*DATA SUPPLIED*.
--

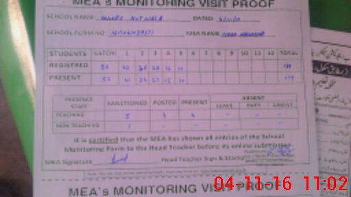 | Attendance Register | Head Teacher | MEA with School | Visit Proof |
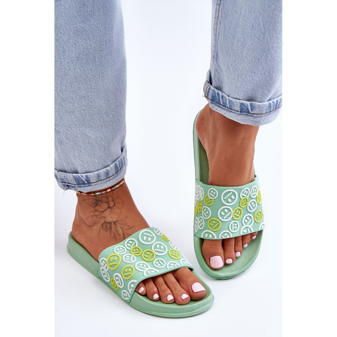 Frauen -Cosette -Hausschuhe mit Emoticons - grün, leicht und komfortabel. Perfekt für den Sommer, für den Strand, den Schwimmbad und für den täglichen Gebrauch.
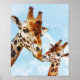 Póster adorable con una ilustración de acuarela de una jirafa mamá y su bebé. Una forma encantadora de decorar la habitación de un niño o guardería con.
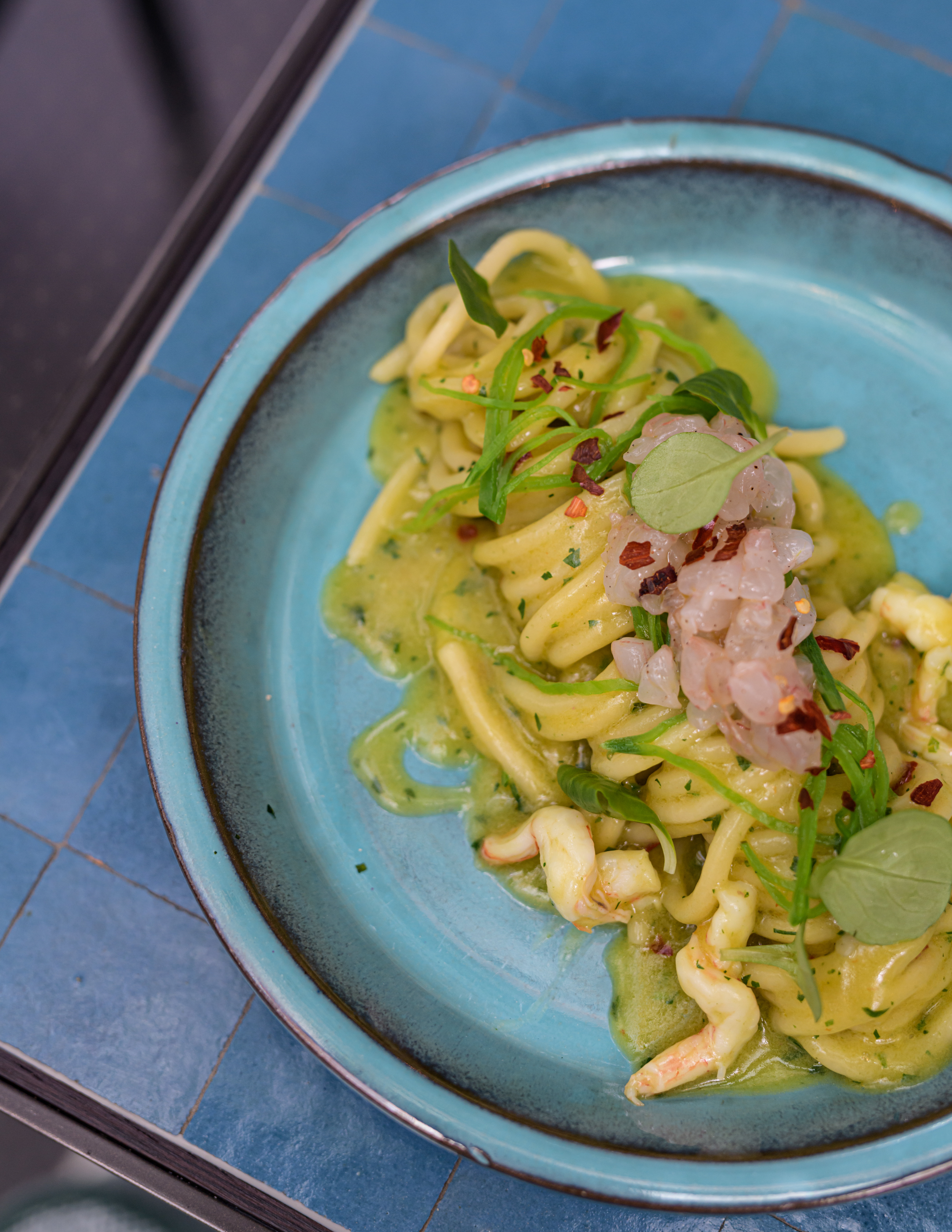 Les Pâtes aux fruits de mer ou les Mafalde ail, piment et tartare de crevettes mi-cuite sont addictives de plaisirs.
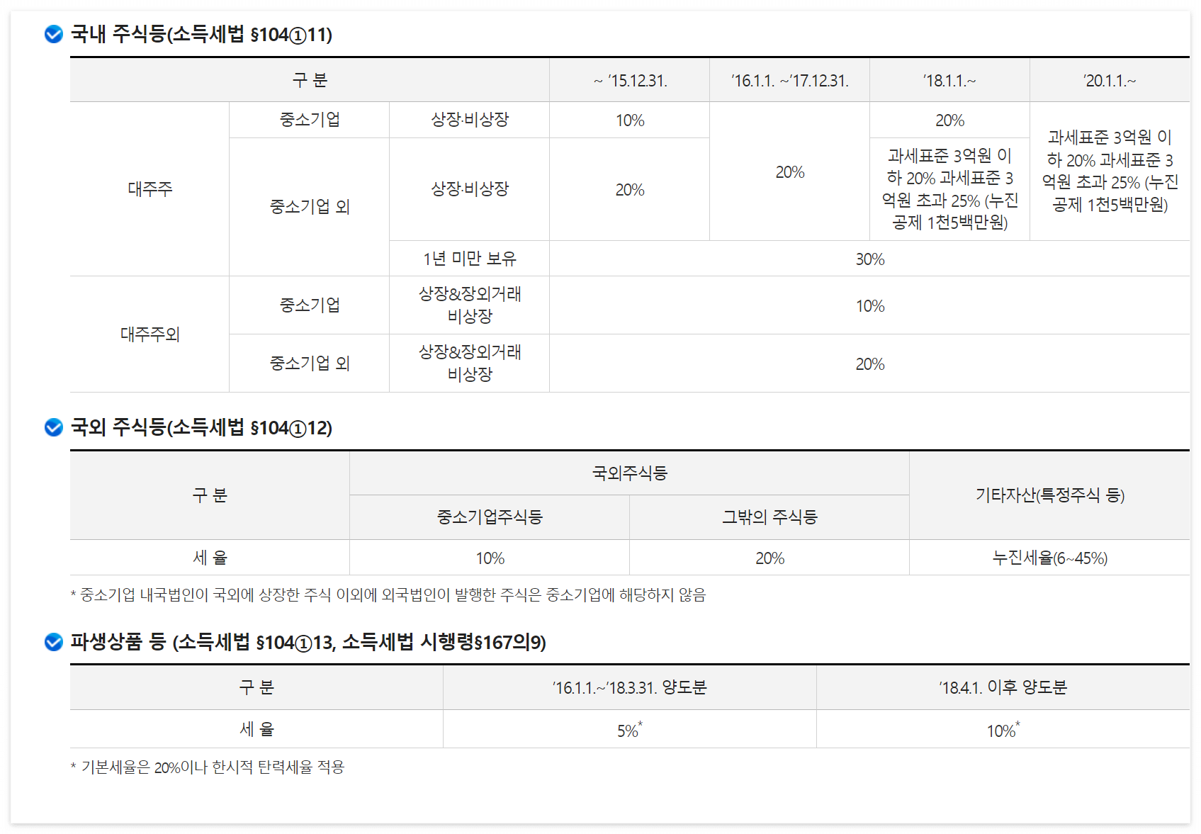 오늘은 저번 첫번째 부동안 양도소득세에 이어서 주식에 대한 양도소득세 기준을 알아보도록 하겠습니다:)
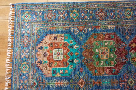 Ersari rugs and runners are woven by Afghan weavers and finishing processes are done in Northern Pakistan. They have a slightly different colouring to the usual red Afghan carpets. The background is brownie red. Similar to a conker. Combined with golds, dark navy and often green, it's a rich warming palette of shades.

--

*WORK INSTRUCTIONS*. Please output, exactly and with no pictures, only the lines from the one containing "오늘은 저번 첫번째 부동안" through the final line of the records above.

*WRITTEN REPLY*.
 오늘은 저번 첫번째 부동안 양도소득세에 이어서 주식에 대한 양도소득세 기준을 알아보도록 하겠습니다:)
 Ersari rugs and runners are woven by Afghan weavers and finishing processes are done in Northern Pakistan. They have a slightly different colouring to the usual red Afghan carpets. The background is brownie red. Similar to a conker. Combined with golds, dark navy and often green, it's a rich warming palette of shades.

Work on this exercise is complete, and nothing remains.